AIM OF THE TASK — Set down, word for word, every line of the material below from the one containing "대형 꽃반지 조형물로" through the one containing "Selling a like", but none of its pictures.

INFORMATION SHOWN —

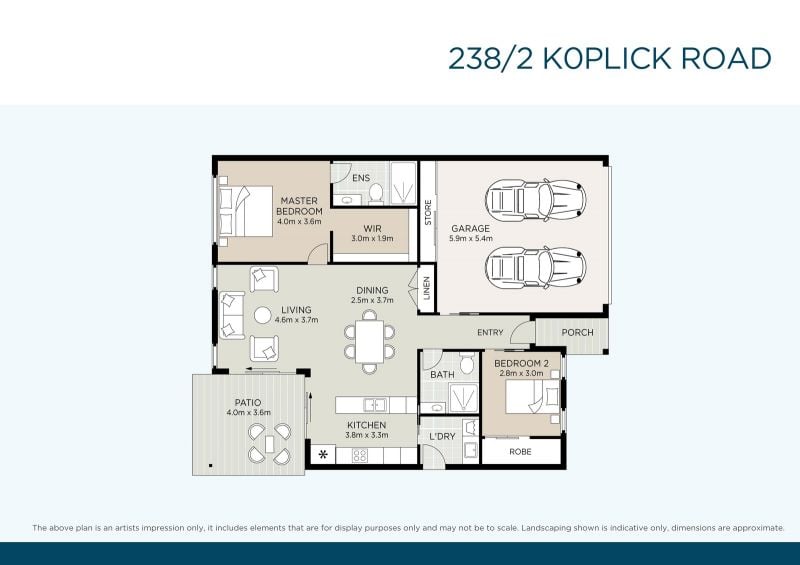 Enjoy fully ducted heating and cooling, ceiling fans, and durable timber flooring with carpeted bedrooms. The master features a walk-in robe and private bathroom, while the second bedroom shines with a solar skylight overhead.
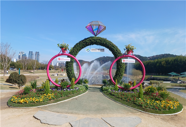 대형 꽃반지 조형물로 봄의 향기를 듬뿍 느낄 수 있는 임파첸스, 데이지, 팬지 등으로 조성됐으며 2028 울산국제정원박람회 홍보 문안도 함께 장식됐다.
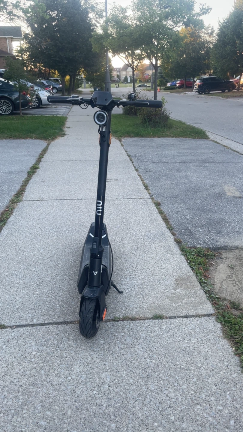 Selling a like new NIU electric scooter. It features Bluetooth connectivity and smart unlock. It also provides rider statistics and battery level information. The scooter has a 50km travel range and smart battery management with 6-hour fast charging. The scooters goes up to 32 km speed which is perfect for everyone to enjoy. The back tire is brand new. If interested please send a message. [ CHARGER INCLUDED] [ WILL BE CLEANED WHEN GIVEN TO YOU]
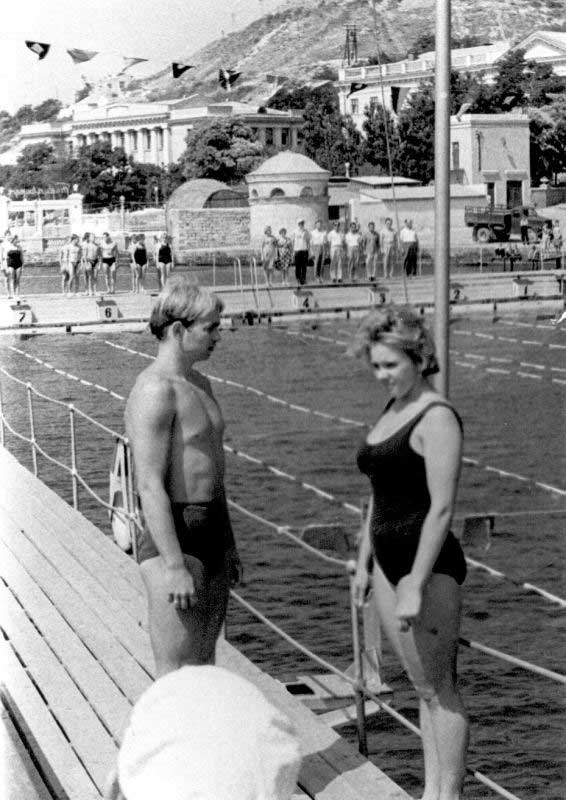 The faked version of this image has been all over the internet. The guy pictured was an international champion underwater swimmer (I wonder how much spectator attention that drew) for the old Soviet Union. He was actually a Ukrainian. He nevertheless got no respect from a forger.

EXERCISE SOLUTION —
 대형 꽃반지 조형물로 봄의 향기를 듬뿍 느낄 수 있는 임파첸스, 데이지, 팬지 등으로 조성됐으며 2028 울산국제정원박람회 홍보 문안도 함께 장식됐다.
 Selling a like new NIU electric scooter. It features Bluetooth connectivity and smart unlock. It also provides rider statistics and battery level information. The scooter has a 50km travel range and smart battery management with 6-hour fast charging. The scooters goes up to 32 km speed which is perfect for everyone to enjoy. The back tire is brand new. If interested please send a message. [ CHARGER INCLUDED] [ WILL BE CLEANED WHEN GIVEN TO YOU]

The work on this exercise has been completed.